You are doing what you need to do to feel better, I hope your pain is less
I'm sorry that you're having to take pain meds to control your pain, Mari-not because you've somehow failed, but because your pain has escalated to the point that Aleve or Advil will no longer resolve it.
I understand your thought process....losing so much to SLE job, car, ability to drive, health insurance, etc. You conquered a demon in your youth and taking pain meds is like giving in to your worst nightmare.
I commend you for facing your fear and doing what's best for your health and well-being long term.

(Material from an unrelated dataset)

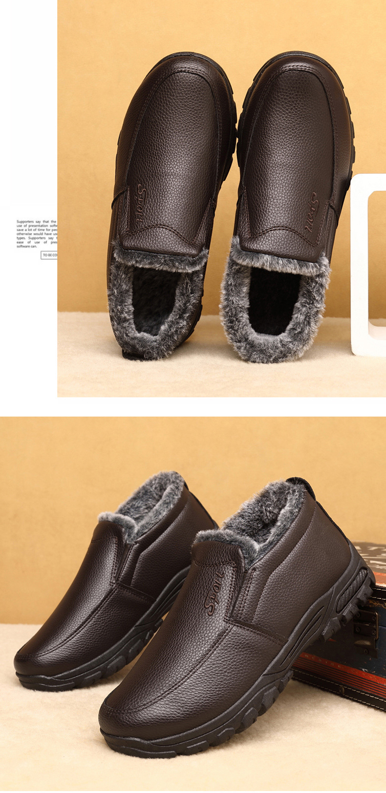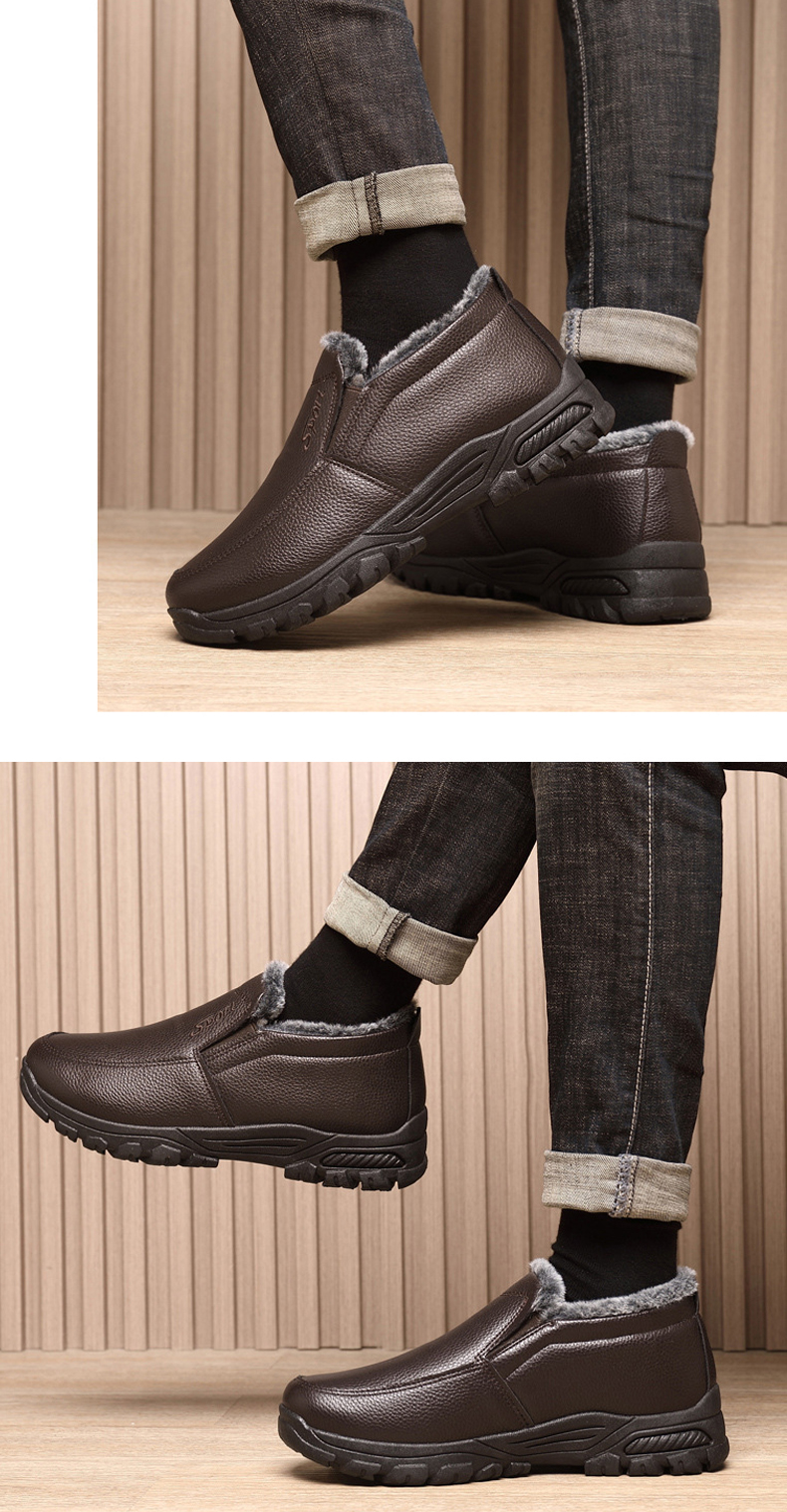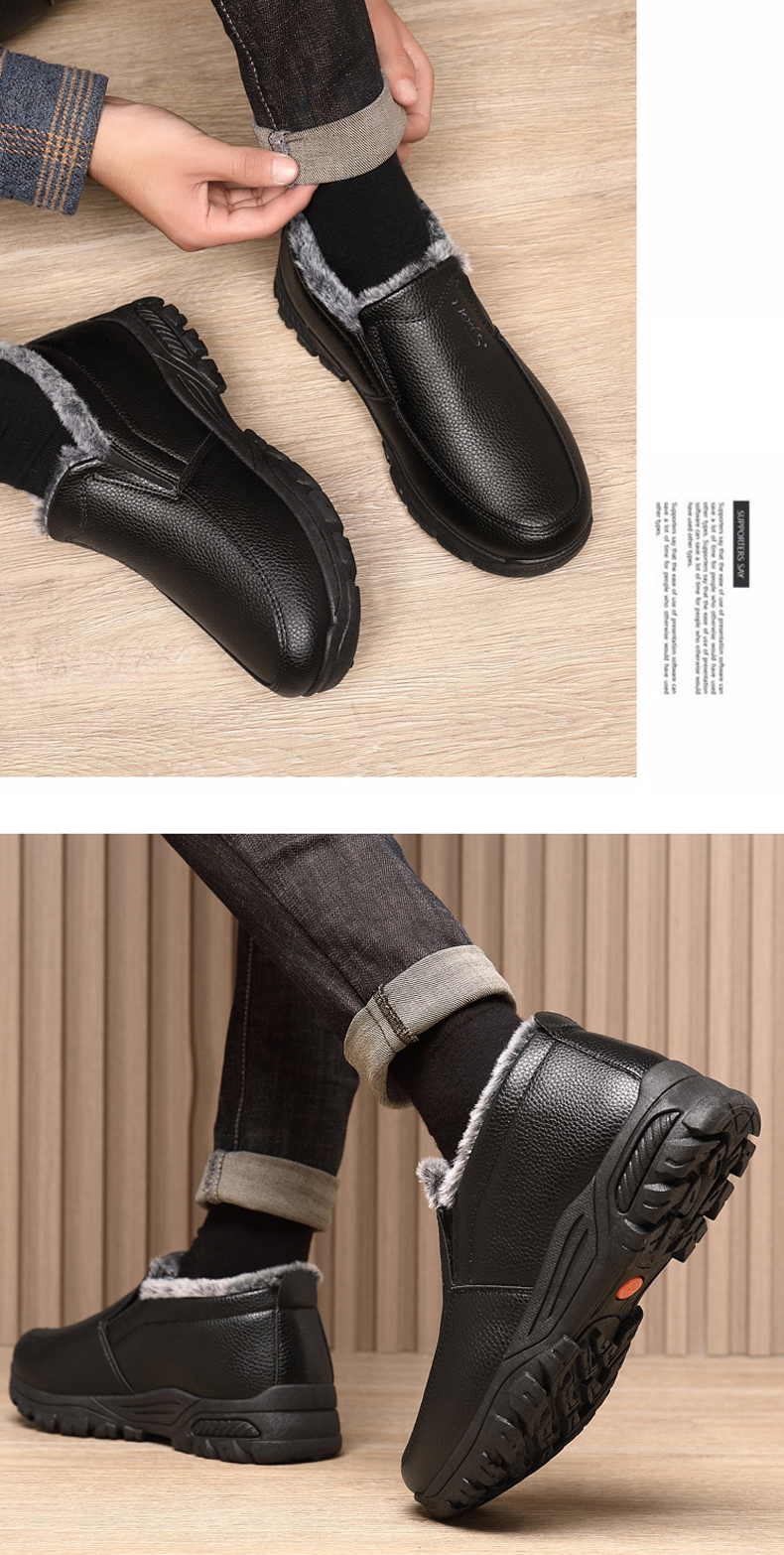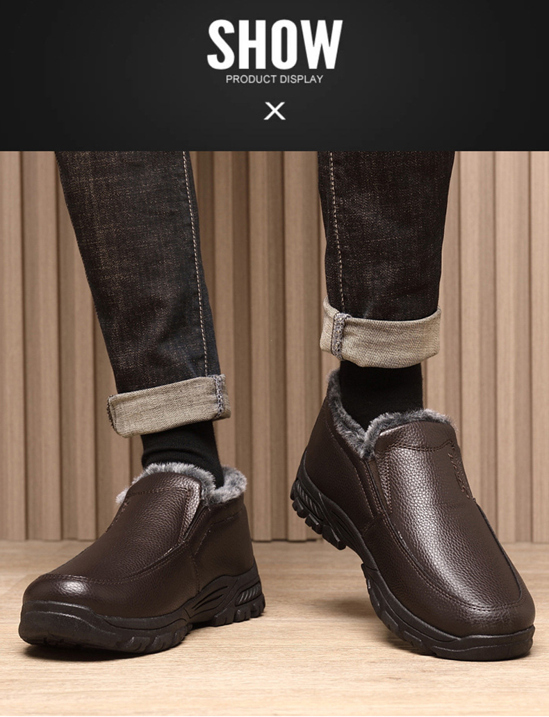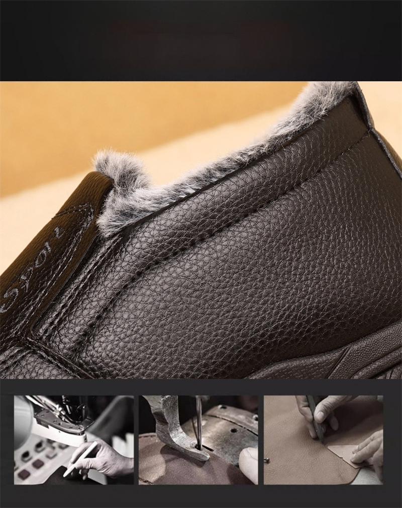 🔥Last Day 69% OFF-Men's Warm Comfortable Waterproof Fleece Cow Leather Snow Boots

I struggle to manage without pain relief, I take Panadol Osteo and Mersyndol night strength - that is the only stuff I can tolerate. The chemist tells me Mersyndol is habit forming, but pain relief in itself is habit forming in the sense that you dont take it, you get the pain and who wants that? People that have been on Plaquenil for years, are often ill if they stop it as they get so much benefit from it.
Everything we take in its own way is habit forming - I dont mean addictive, but we take medicine to help us, improve our quality of life and there is no shame in that.
You did the right thing for your body, it cannot function when in pain, your quality of life is reduced hugely, by taking pain relief you have done the best thing you could have done to enable you to enjoy your life and one without pain. If a vet prescribed your dog/cat pain relief for arthritis, you would not hesitate in treating it.
You deserve a life without pain and if you have to take pain relief in order to achieve that, then that is how it has to be but to suffer pain is not good for you - mentally or physically.
You should be proud of yourself for accepting this and taking this step to help yourself.